Spider-Man: No Way Home

"Peter-Two" 

Years following the events of Spider-Man 3 (2007), Peter Parker's (portrayed by Tobey Maguire) relationship with Mary Jane "MJ" Watson had become complicated but eventually worked out. Due to Strange's malfunctioned spell, Parker is brought into the MCU and subsequently begins searching for that universe's Parker. After meeting an alternate version of himself and comforting "Peter-One"s loss of his aunt, the Spider-Men work together to cure the supervillains and Parker subsequently reunites with Octavius. Parker stops "Peter-One" from killing Green Goblin out of rage, having previously reminded him that revenge would not suffice May's death, but this leads to him being stabbed in the back and injured by Goblin, who is in turn cured by "Peter-One". Parker says goodbye to his alternate versions and returns to his universe.

"Peter-Three" 

Following the events of The Amazing Spider-Man 2 (2014), Peter Parker's (portrayed by Andrew Garfield) failure to save Gwen Stacy caused him to become bitter and overly aggressive and vengeful towards criminals, devoting most of his time to being Spider-Man. After Strange's malfunctioned spell, Parker is brought into the MCU and subsequently begins searching for that universe's Parker. After meeting an alternate version of himself and comforting "Peter-One"'s loss of his aunt, the Spider-Men work to cure the villains, with "Peter-One" curing Curt Connors and Parker reconciling with Dillon, who had been cured by Otto Octavius. After Green Goblin destroys the contained spell, MJ falls from the scaffolding but is saved by Parker, bringing closure to his failure. Parker and "Peter-One" inject Osborn with a cure "Peter-Two" developed, restoring his sanity. Parker says goodbye to his alternate versions and returns to his universe as a happier man.

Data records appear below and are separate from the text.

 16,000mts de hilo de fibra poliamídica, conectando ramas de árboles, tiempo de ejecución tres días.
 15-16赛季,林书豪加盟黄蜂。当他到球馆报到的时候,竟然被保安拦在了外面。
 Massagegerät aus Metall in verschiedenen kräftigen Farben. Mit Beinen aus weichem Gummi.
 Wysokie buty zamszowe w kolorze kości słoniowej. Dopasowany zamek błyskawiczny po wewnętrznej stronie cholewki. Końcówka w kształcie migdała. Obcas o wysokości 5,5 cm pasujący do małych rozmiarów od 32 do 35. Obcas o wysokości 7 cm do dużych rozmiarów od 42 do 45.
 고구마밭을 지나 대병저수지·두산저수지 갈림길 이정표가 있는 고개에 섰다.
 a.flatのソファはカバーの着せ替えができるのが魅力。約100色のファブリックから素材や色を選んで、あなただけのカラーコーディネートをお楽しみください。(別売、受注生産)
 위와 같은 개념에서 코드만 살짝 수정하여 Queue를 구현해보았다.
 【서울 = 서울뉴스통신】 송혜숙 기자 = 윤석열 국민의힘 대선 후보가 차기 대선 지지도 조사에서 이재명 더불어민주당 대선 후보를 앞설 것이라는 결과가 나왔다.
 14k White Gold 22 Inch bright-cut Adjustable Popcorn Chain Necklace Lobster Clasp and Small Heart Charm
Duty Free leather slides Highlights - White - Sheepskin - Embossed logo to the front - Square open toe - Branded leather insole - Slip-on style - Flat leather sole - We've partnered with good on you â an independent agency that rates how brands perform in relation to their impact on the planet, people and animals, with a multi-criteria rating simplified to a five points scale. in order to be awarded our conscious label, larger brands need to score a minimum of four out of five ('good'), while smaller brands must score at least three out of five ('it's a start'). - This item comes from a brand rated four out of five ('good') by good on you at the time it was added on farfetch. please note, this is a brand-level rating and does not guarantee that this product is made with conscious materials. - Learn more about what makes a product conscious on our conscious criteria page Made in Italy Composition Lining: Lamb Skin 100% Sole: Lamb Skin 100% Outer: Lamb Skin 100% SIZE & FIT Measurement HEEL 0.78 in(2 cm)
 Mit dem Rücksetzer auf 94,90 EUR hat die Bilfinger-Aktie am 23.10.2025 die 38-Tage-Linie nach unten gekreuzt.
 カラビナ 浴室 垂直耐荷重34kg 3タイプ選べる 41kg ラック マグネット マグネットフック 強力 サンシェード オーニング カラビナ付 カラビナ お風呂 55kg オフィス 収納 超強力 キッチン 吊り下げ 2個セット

Spider-Man: Freshman Year 
Spider-Man: Freshman Year and its second season, subtitled Sophomore Year, will explore an alternate Peter Parker's origin story and early days using the Spider-Man persona as he is mentored by Norman Osborn in his freshman and sophomore years of high school.

Concept and creation

Background and development 
The Marvel Comics character Peter Parker / Spider-Man first appeared in the fifteenth and final issue of Marvel's anthology comic book series Amazing Fantasy, which was published in August 1962. The issue was written by Marvel Comics editor and head writer Stan Lee and drawn and penciled by artist Steve Ditko; Lee wanted to create a character whom teens could identify with, and was influenced by pulp magazine crime fighter the Spider. He also took inspiration from seeing a spider climb up a wall. The character became popular during the 1960s, and was adapted into various forms of media–including five films by Sony Pictures from 2002 to 2014, starring Tobey Maguire in three films directed by Sam Raimi as Spider-Man and Andrew Garfield in two films directed by Marc Webb as the character.

Following the November 2014 hacking of Sony Pictures' computers, emails between Sony Pictures Entertainment co-chairman Amy Pascal and president Doug Belgrad were released stating that Marvel Studios wanted to include Spider-Man (whose film rights are licensed to Sony) in their Marvel Cinematic Universe (MCU) film Captain America: Civil War (2016), but talks between the studios concerning this were believed to have broken down. However, in February 2015, the studios reached a licensing deal for the use of Spider-Man in an MCU film, and reports indicated that the character would indeed appear in Civil War. According to the deal, Sony Pictures would continue to own, finance, distribute, and exercise final creative control over the Spider-Man films. Marvel Studios president Kevin Feige stated in April 2015 that they decided to not retell the character's origins in Civil War since there had been two previous retellings with the Raimi and Webb films, so Marvel Studios was "going to take it for granted that people know that, and the specifics". Feige also stated that Marvel had been working to add Spider-Man to the MCU since at least October 2014. The following June, Feige clarified that the initial Sony deal does not allow the character to appear in any of the MCU television series, as it was "very specific... with a certain amount of back and forth allowed."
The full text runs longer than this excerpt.